Da ich davon ausgehe, dass die Zielgruppe, welche die Seite aufruft, so 40-50 Jahre alt ist, hatte ich schon einmal an folgendes gedacht. Das Altersheim hat keine passenden Aussenaufnahmen des Hauses vorliegen. Wenn ich von mir ausgehe, würde ich z. B. keine älteren Menschen auf dem Hauptfoto der Startseite im Top Bereich abbilden, sondern eher etwas neutrales. Ich dachte da so an, z. B. Schmetterlinge oder so etwas ähnliches in der Art. So das der Besucher das Gefühl hat, wenn er auf die Seite kommt, dass er sich direkt wohl fühlt. Da kommen nur alte Menschen glaube ich nicht so gut rüber.

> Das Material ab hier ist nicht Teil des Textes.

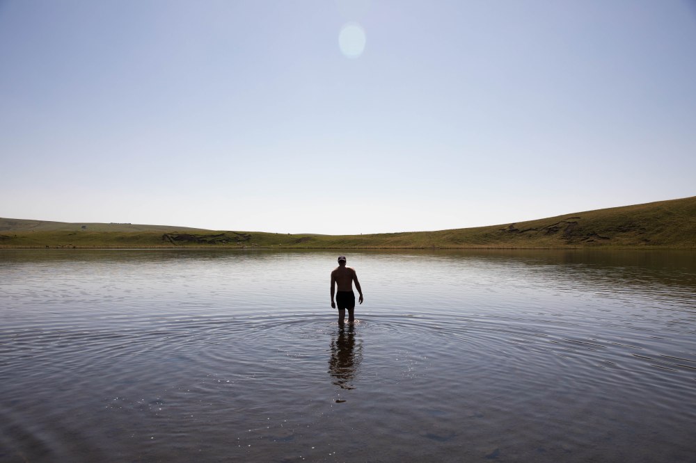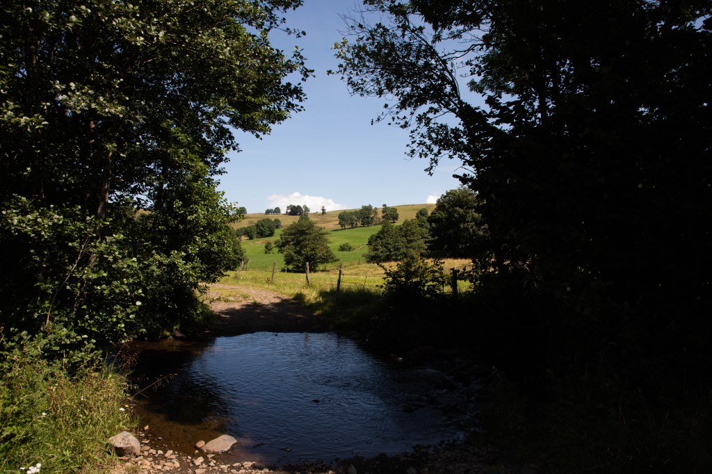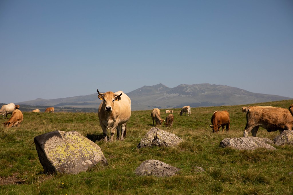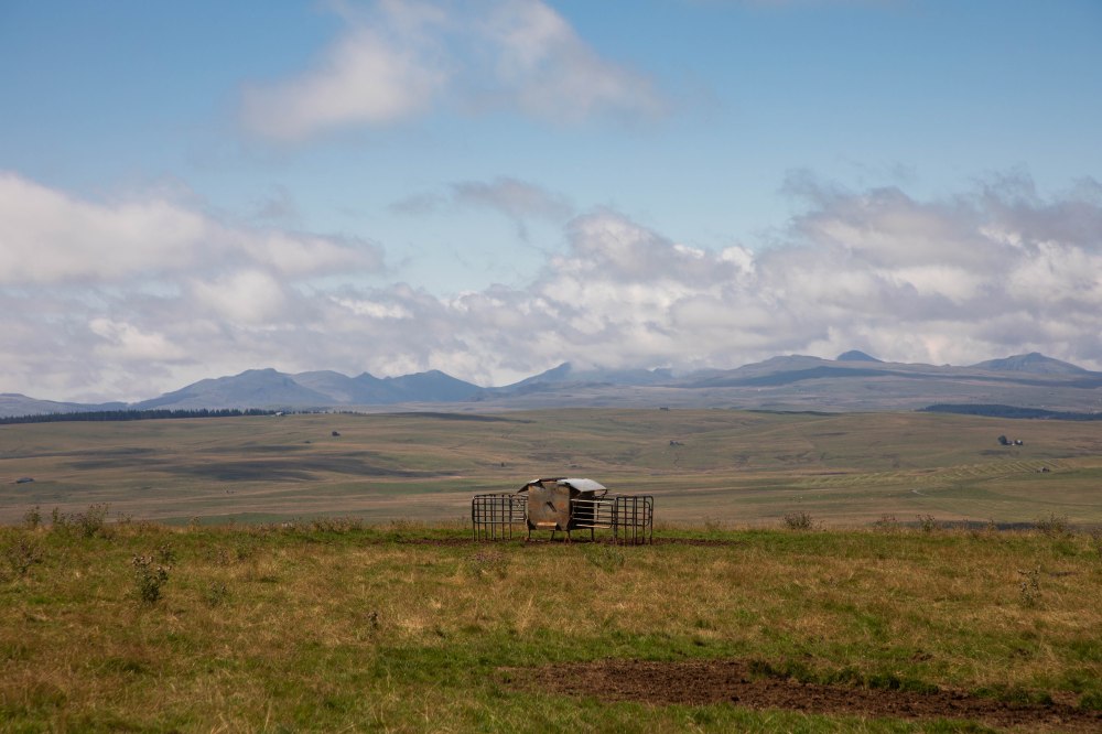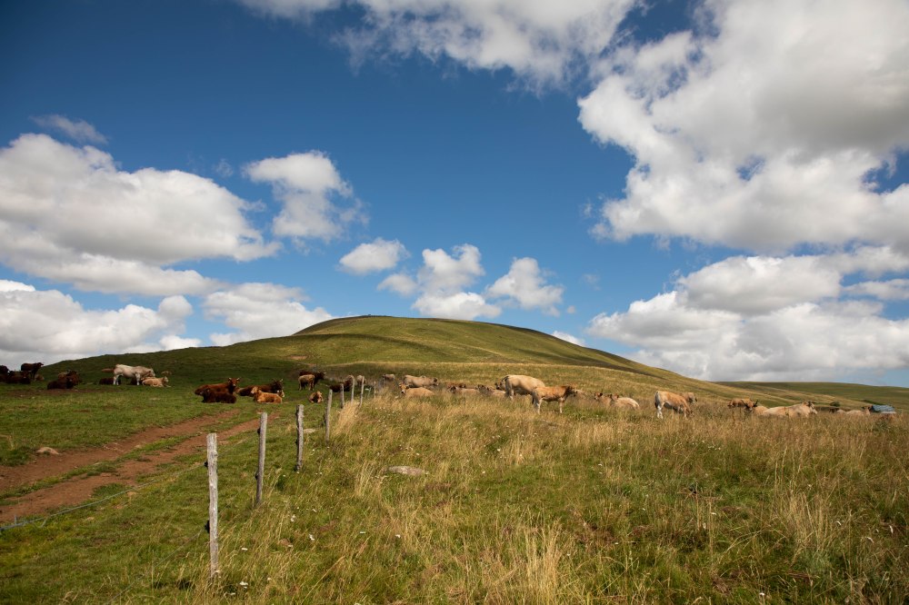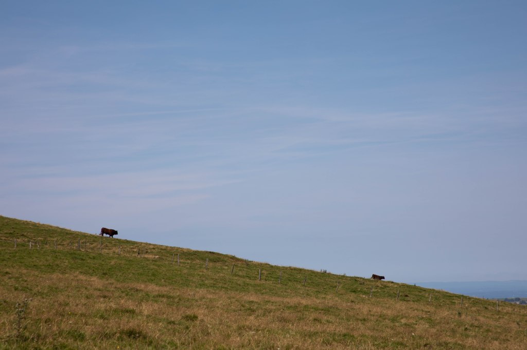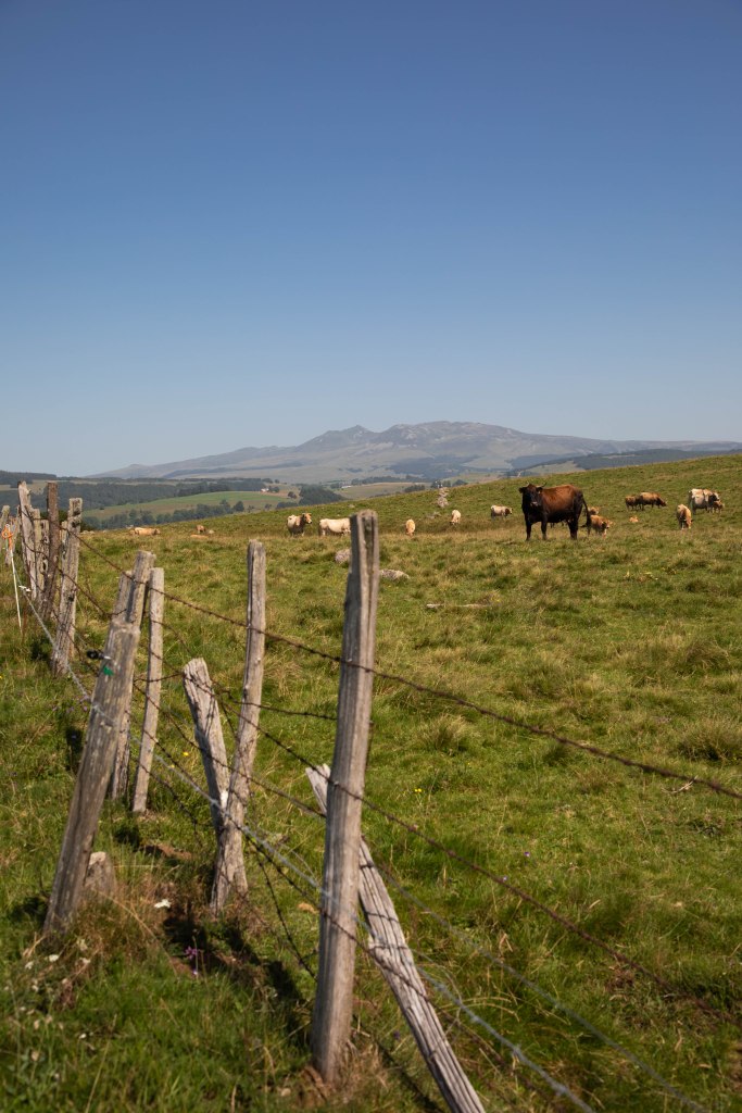 Très rapidement, les paysages typiques du Cézallier s’ouvrent sous nos yeux. On nous les avait promis, ils sont là. D’immenses étendues aux herbes dorées, des troupeaux de vaches qui ponctuent ces hectares de pâturages et, au milieu, notre sentier qui serpente ça et là. Les éléments caractéristiques de ce territoire rural reculé sont tous là : les piquets de bois qui délimitent les prairies, nos copines à cornes qui broutent sagement et, au loin, l’horizon joliment vallonné qui nous raconte le passé volcanique et glaciaire de la région. Sur le côté, la silhouette massive du Sancy se dessine, apparaissant comme un mirage dans l’atmosphère brumeuse de cette chaude journée d’été. Les températures sont brûlantes et les paysages prennent un air de désert dans lequel il est de plus en plus difficile de trouver un coin d’ombre à mesure que nous avançons. Heureusement nous croisons quelques petits cours d’eau dans lesquels nous trempons les casquettes, la nuque, les mains et même les pieds.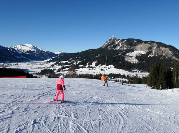 Anfänger machen ihre ersten Schritte an der Märchenwiese im Tal. Das Anfängergelände befindet sich gegenüber der Schachenlifte am tiefsten Punkt des Skigebiets. Skischulen unterrichten hier auch. Der Doppelschlepplift Schachen erschließt zwei weitere leichte Pisten. Im oberen Teil nördlich des Füssener Jöchles an der 6er-Sesselbahn sind nur mittelschwere, aber breite Pisten zu finden. Die Talabfahrt vom Füssener Jöchle nach Grän hinab ist für totale Anfänger ungeeignet.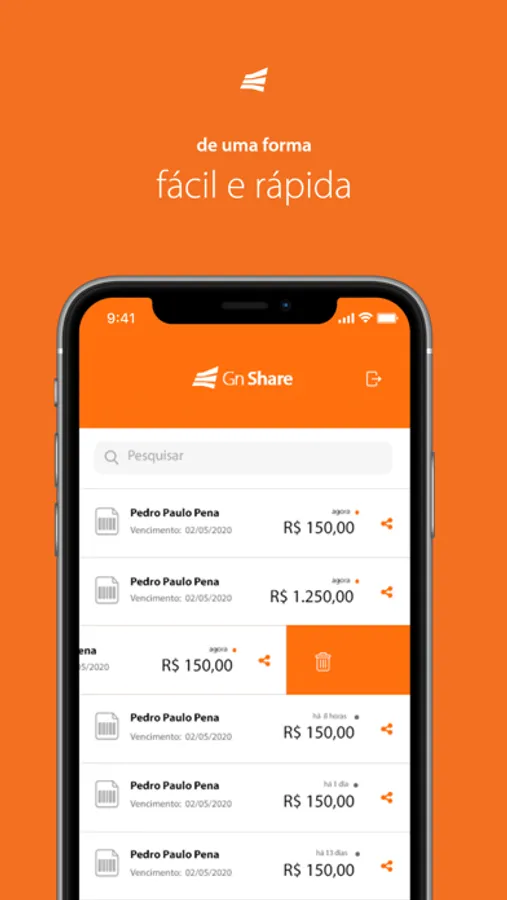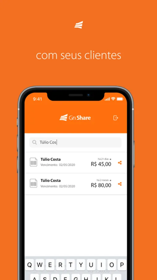 Boletos, parcelas ou carnês inteiros, links ou botões de pagamentos podem ser compartilhados pelo Gn Share. Disponibilizamos um aplicativo mais dinâmico ao usuário, já que não necessita de login e senha para a sua utilização. Dessa maneira, você continua focado em seu trabalho na plataforma web, enquanto se beneficia de todos os recursos de compartilhamento do seu celular! É mais tempo, agilidade e conforto para realizar as suas cobranças! Baixe agora e comece a compartilhar as suas cobranças.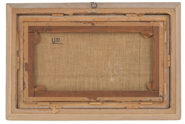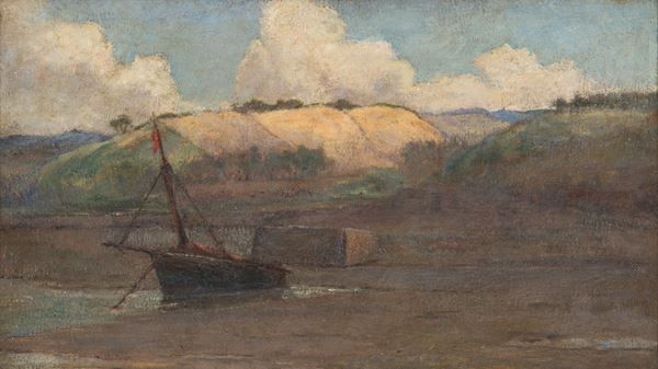 Oil painting on canvas depicting "LAGOON WITH BOAT". 20th century. In frame.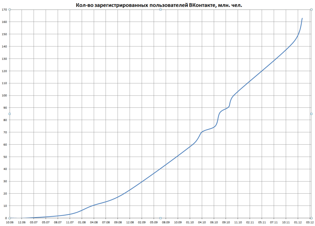 2006-2012 年間,VK 註冊用户數量|圖片來源:Wikipedia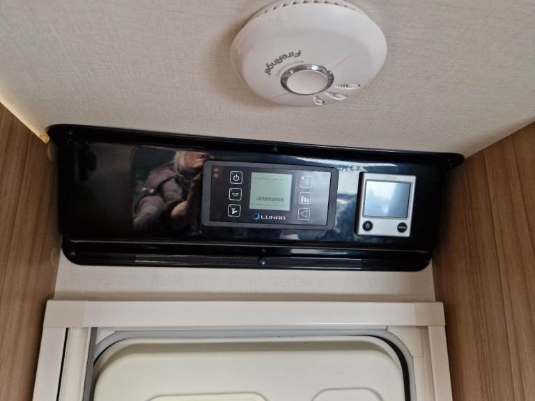 The control panel for the heating water pump, lights etc is above the door and easy to use.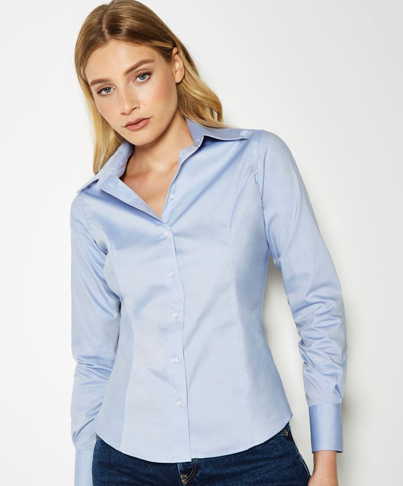 Taillierter Schnitt, Kragen verstärkt, mit 3 Knöpfen verstellbare Manschetten, abgerundeter Saum, Knöpfe Ton-in-Ton, Ersatzknöpfe, Doppelnähte an Ärmeln und Seite, Abnäher an Vorder- und Rückenteil, Rückenpasse, 40° waschbar, bügelleicht, nicht trocknergeeignet, Größen 26-28 Art.Nr. 43.702X

Wer hat noch andere Ideen?

Gruss
Julchen


----------



## ink (28. Februar 2008)

Moin
Sehr oft schmeißt auch die bucklige Verwandschaft die Damen und Herren
ins Altenheim.
Also auch an die "Zielgruppe" um die 30 denken.
Schmetterlinge find ich doof, hat irgendwie was heuchlerisches.
Kannst du kein Foto vom Aussengebäude oder von nem Park mit Himmel oder so machen?


----------



## janoc (28. Februar 2008)

Doch, glückliche, alte Menschen gehören dort hin.
http://www.istockphoto.com/file_closeup/object/4517134_loving_handsome_senior_couple.php?id=4517134
http://www.istockphoto.com/file_closeup/object/4904562_happy_mature_couple.php?id=4904562
Oder noch besser: Alte und junge Menschen kombinieren:
http://www.istockphoto.com/file_closeup/object/3769667_happy_day_at_the_park.php?id=3769667


----------